Проснулся с рассветом и поначалу не понял, где он. Огляделся, увидел рядом с собой едва прикрытое легким одеялом гибкое, четко очерченное в рассветной полумгле Ольгино тело и сразу все вспомнил разом. Как изящная, душистая, соблазнительная вышла она из ванной, и как горечь он во рту ощутил, и как натянулся тетивой в ожидании, и как встала она перед ним на колени, как целовать принялась его руки, шею, губы, глаза, и как впал он в невесомое забытье, и как обдало его жаром с ног до головы, потом исчезло все, померкло вокруг, затуманилось. Вспомнил и не поверил, что с ним все это было. Он поморщился, с силой потерся затылком о подушку, потом, стараясь не шуметь, приподнялся, присел на кровати. «Бог мой, зачем?» — подумал мельком, посидел с полминуты, тихо поднялся, беззвучно оделся, зашел в смежную комнатку на Дашку взглянуть, осторожно прошествовал в прихожую, мягко открыл дверь и вышел.

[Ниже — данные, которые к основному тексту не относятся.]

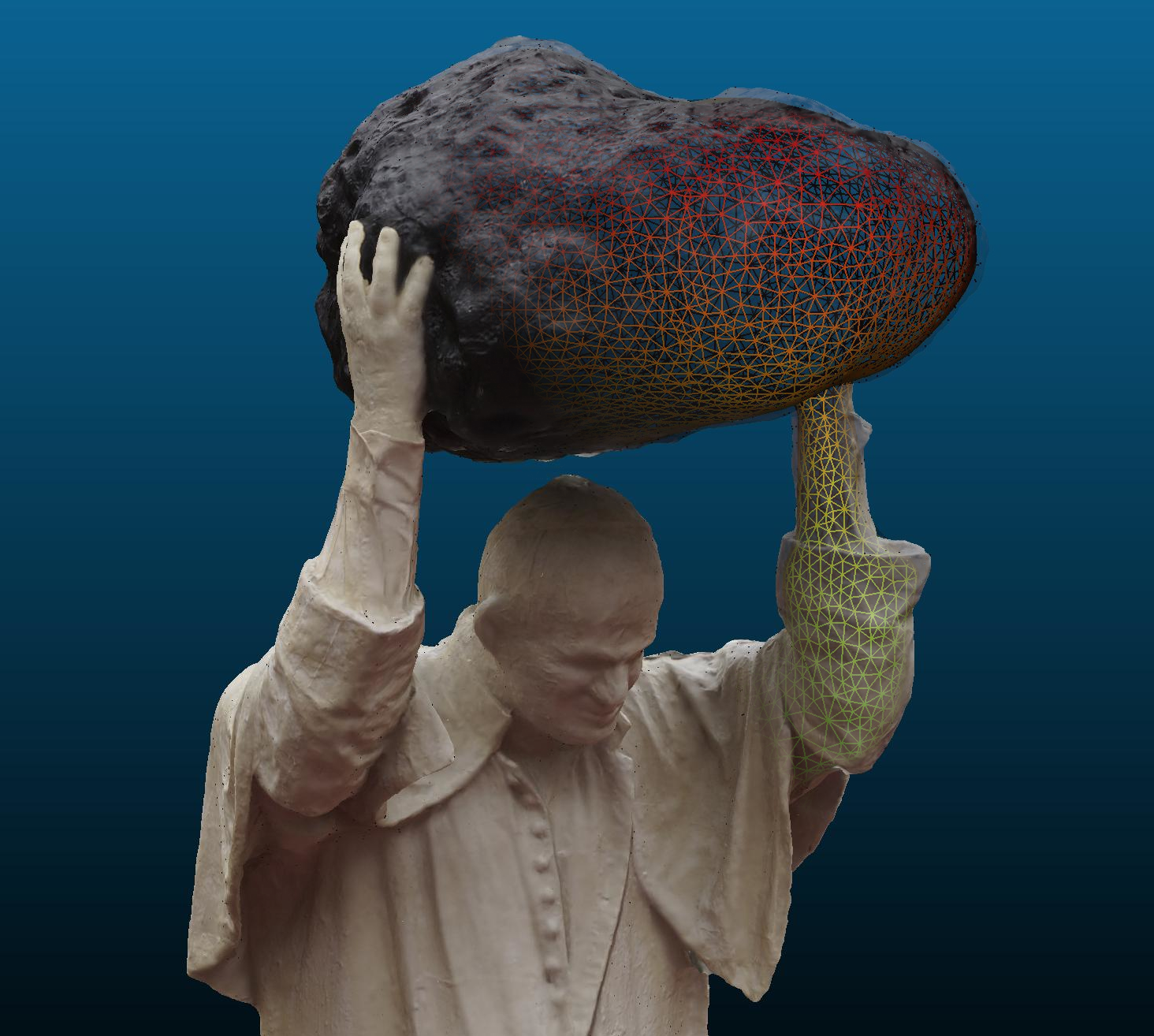24 września 2020r. przed Muzeum Narodowym w Warszawie miało miejsce oficjalne odsłonięcie instalacji “Zatrute Źródło”. Figura Jana Pawła II, trzymającego nad głową czarny głaz budzi w mediach wiele kontrowersji – dla tych, którzy nie mieli okazji obejrzeć instalacji na żywo przygotowaliśmy jej fotogrametryczny model 3D:
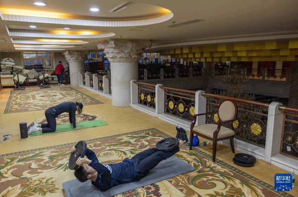 11月6日,在食堂改造而成的临时体能训练馆里,自由式滑雪空中技巧国家集训队队员在体能和力量训练开始前拉伸。

Настойчивый, крикливый трезвон словно застыл в ушах, острыми студеными иглами бил он по перепонкам, с болью в мозг проникал, переполнял голову тонким, дребезжащим, назойливым своим голоском. А тот все выпевал и выпевал упрямо свои рулады. Вадим разъяренно вскочил с дивана, огляделся, узрев телефон, удивленно дернул подбородком, снял трубку:

— Как самочувствие приятель? — Вадим выдохнул разом и непроизвольно плюхнулся на диван. Все верно он рассчитал. Дождался-таки. Это они. Все тот же вкрадчивый, усмешливый баритон и словечки все те же: «Приятель». — Что молчишь? Это я. Узнаешь? Ну молчи, молчи, это хорошо, что молчишь, значит, страх есть. Правильно! Хоть чуточку, но есть. А где страх, там понимание. В первый раз ты от растерянности молчал, а сейчас от осознания, так сказать. Хвалю, хвалю. Как Дашенька? Все в порядке? Хорошая, красивая дочь у тебя растет, береги ее. Дети — это счастье, это продолжение жизни нашей. Вот так. Соображаешь? Вчера она просто так, прогулялась с нами, воздухом подышала, а ежели что… Ну что, будем в мире жить? Теперь хоть не молчи, а то вон как зубки-то сжал, судорогой, что ль, от ужаса свело? Ну что, будем?

— Я подумаю, — процедил Вадим.

— Недолго только, — голос вмиг стал жестким, отчужденным.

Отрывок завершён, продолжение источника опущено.